Под немигающим взглядом Ти-Цэ недоверие на лице Помоны затопил густой румянец. Стражи на соседних ветвях довольно заерзали, а сама женщина низко опустила голову и покивала. Даже за завесой темных волос Ти-Цэ увидел похожую на отцовскую как две капли воды улыбку – болезненной гордости.
– Вот значит, как они сказали.
Снова воцарилась тишина. Стражи галантно ждали, пока Помона протрет глаза и овладеет с голосом.
Наконец она вскинула голову. Ти-Цэ услышал, как в горле у нее что-то щелкало, но голос прозвучал твердо и ясно, как никогда не звучал до этого.
– Ребята. – Она обвела взглядом присутствующих. – У меня… То есть… – Помона помотала головой. Стражи подбодрили ее внимающей тишиной. Она вздохнула поглубже и собрала мысли в кучу. – В последнее время я не мало сил посвятила тому, чтобы нарисовать на стенах своей комнаты кое-что особенное. Вам, наверное, это знакомо.
Стражи переглянулись между собой. Только Ти-Цэ не отрывал от нее испытующих глаз.
– И что же это? – спросил он тоном учителя, который сверяет знания ученика со своими собственными.
Она выдержала его взгляд, но румянец на ее щеках вобрал в себя еще больше краски.

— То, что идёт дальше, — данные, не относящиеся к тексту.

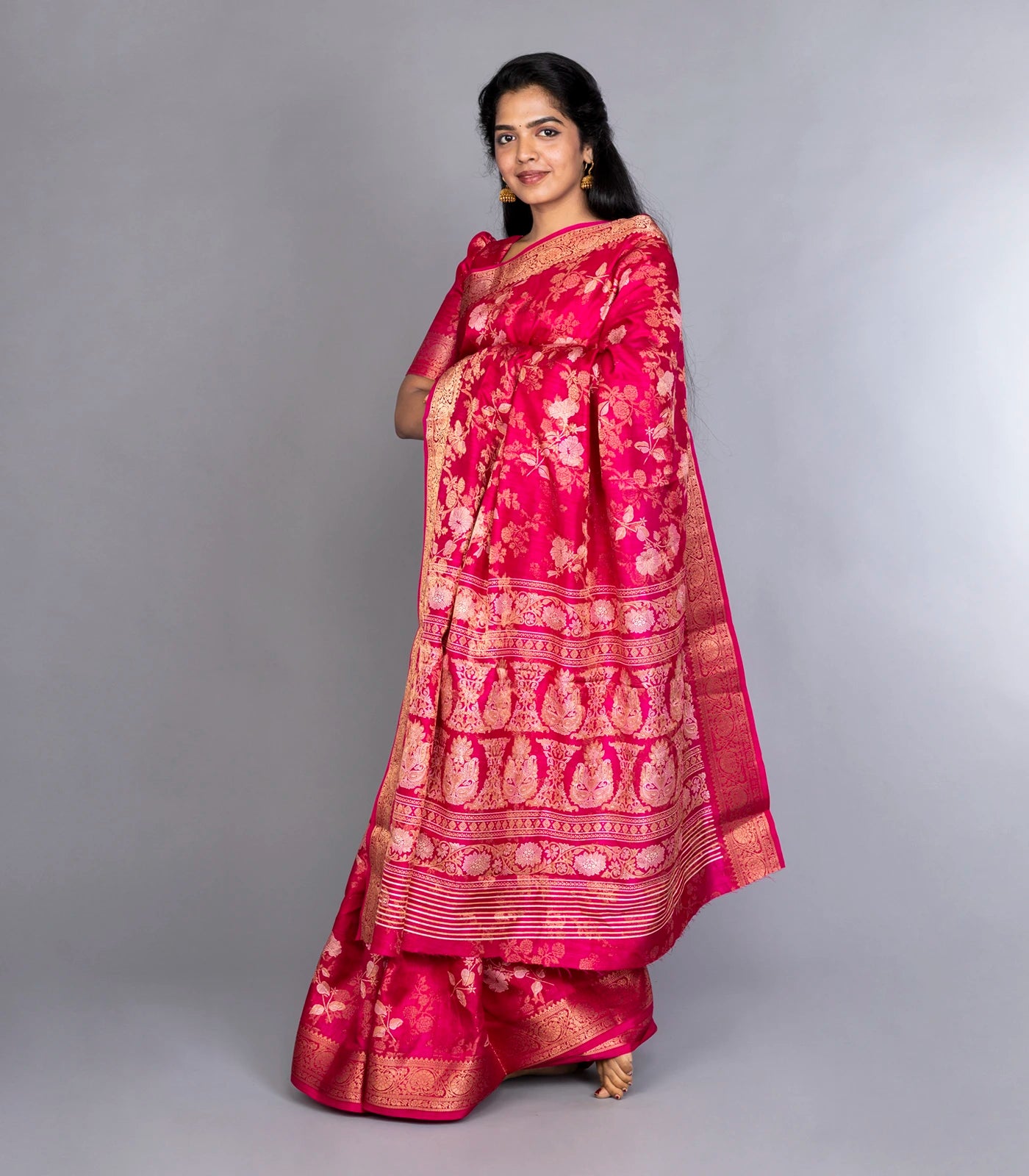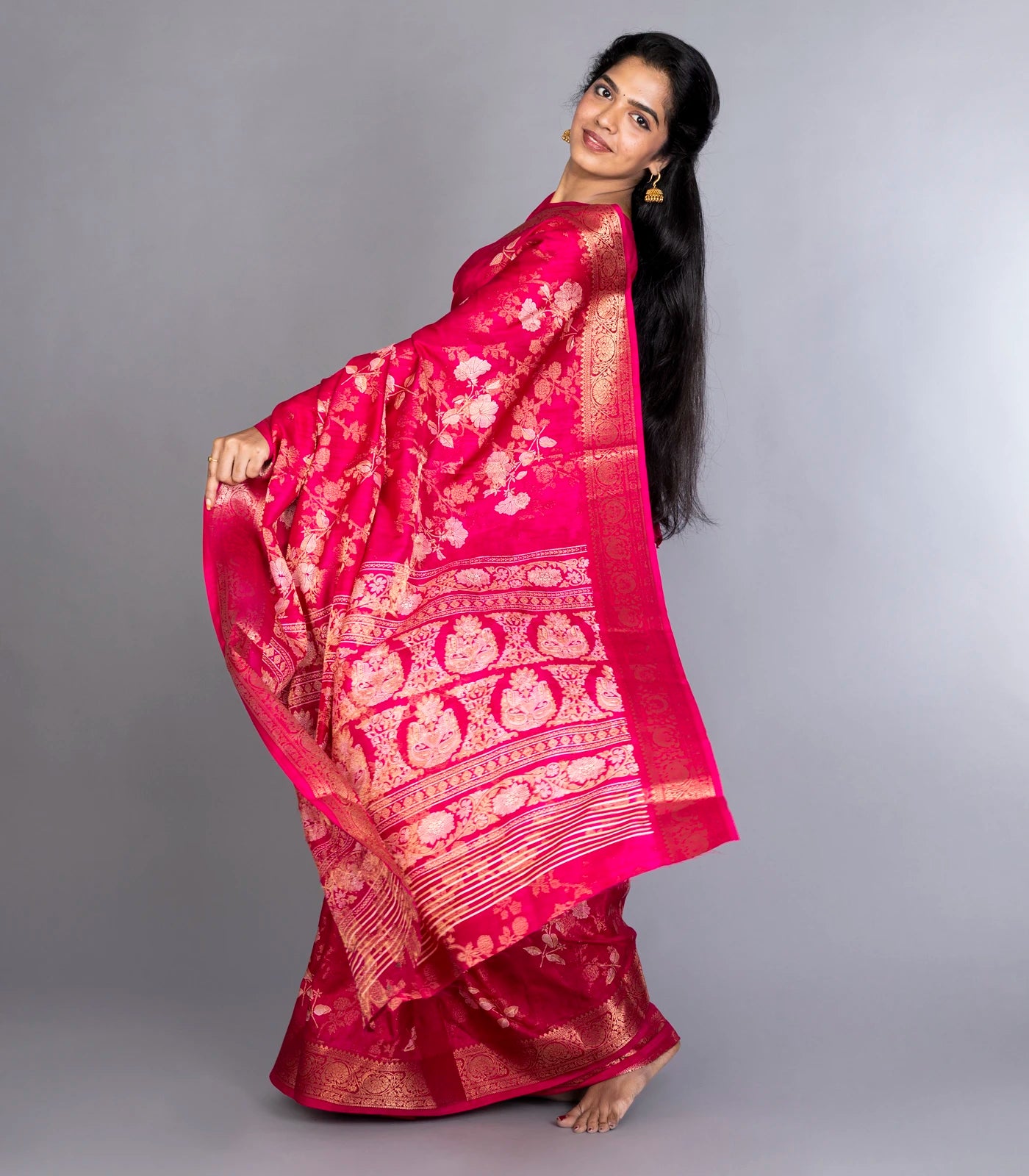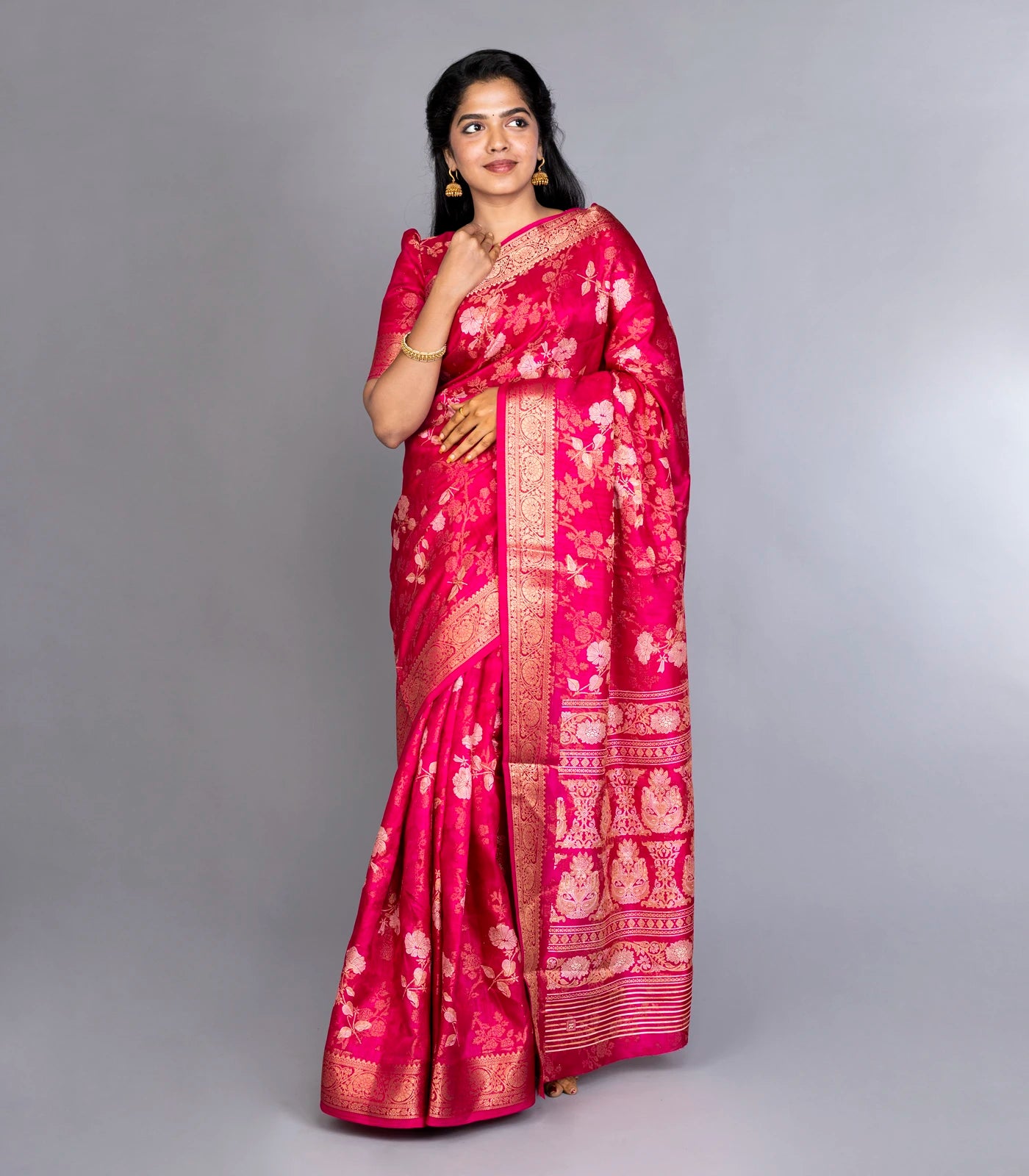 Peach Woven Synthetic Dola Saree With Printed Floral Motifs
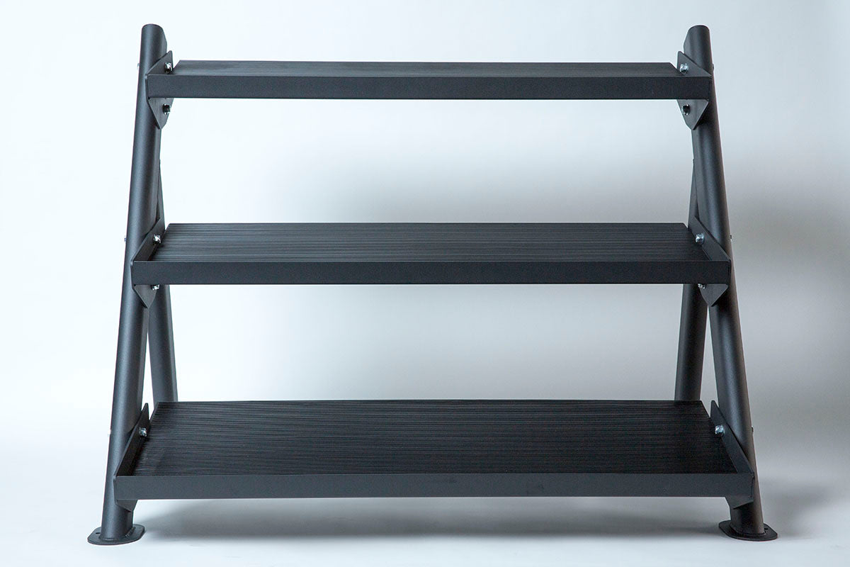 El rack de mancuernas American Barbell de 3 niveles mantiene tus mancuernas colocadas de forma uniforme, compacta y segura.

– Я рисовала то, что для меня действительно сокровенно. То, что я никому не решалась открыть, что отказывалась даже признать самой себе. Мои тайны, мысли, желания и слабости.
Ти-Цэ не перебивал.
– Вы все стараетесь быть со мной дружелюбными и честными. Но вам это и самим в новинку, с человеком точно. Я знаю цену вашему доверию и открытости, и хотела бы приложить столько же усилий, сколько прикладываете вы. Поэтому я должна… нет, я хочу сделать шаг вам навстречу прямо сейчас.
Стражи ее поняли.
Мужчины по очереди заходили в комнату гостьи и подолгу рассматривали вывернутую наизнанку душу Помоны. Единственным бессменным наблюдателем на правах сопровождающего был Ти-Цэ. Он стоял подле крепко сжавшей челюсти женщины и долго не сводил непроницаемых глаз с портрета, который Помона изобразила на стене прямо напротив своей постели, в том же стиле, что и остальную часть ее исповеди: мелкими штришками, так, как рисуют схемы для будущих тканей.
К вечеру дерево вновь обросло Стражами. Все лица до одного были обращены к бордовой до корней волос, но решительно вскинувшей голову Помоне.